A key challange for most Internet retailers is the rise in
pay-per-click (NYSE:PPC) ad prices. The rise in PPC ad prices is having a
negative effect e-tailers, even on companies like EBAY and AMZN that
you would have thought had strong brands and didn't need to attract
traffic through PPC ads.
But GSIC's Q4 earnings announcement and conference call suggested that GSIC is unaffected (at least directly) by the rise in PPC ad prices, because its clients bear the cost of marketing their web sites, while GSIC provides (and profits from) the underlying e-commerce infrastructure. That's a crucial facet of GSIC's business model that doesn't seem to have been picked up by the sell-side.
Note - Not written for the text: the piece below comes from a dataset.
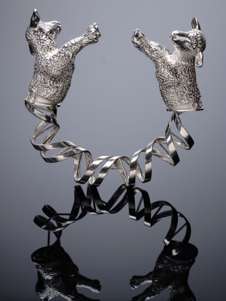 The troubled future already has arrived in the works of Americans Amy Johnston and Kate MacDowell. Johnston's sterling bracelet Did Dolly Dream of a Bio Mom?, 2010, makes witty reference to the Philip K. Dick novel Do Androids Dream of Electric Sheep?, which inspired the dystopic 1982 movie Blade Runner. Her work's helix-shaped band - ending in the bounding front halves of two fuzzy ruminants - alludes to Dolly the sheep, the first example of the extraordinary leap taken by cloning living creatures via DNA.

So when commenting on GSIC's earnings results, I wrote:
GSI Commerce has been viewed by some on the buy-side as playing in the least profitable area of e-commerce: back-end infrastructure and fulfilment. But note that its online advertising costs were basically flat year on year, because its partners do their own marketing. GSIC thus escaped the upward cost pressures faced by many other e-tailers due to rising PPC ad prices.Is GSIC immune to rising PPC ad prices in the long run? No, because the growth of its e-commerce outsourcing business will depend on the profitability of the services in provides. But in the short term, GSIC may find that it's part of the e-commerce value chain is more attractive than its given credit for.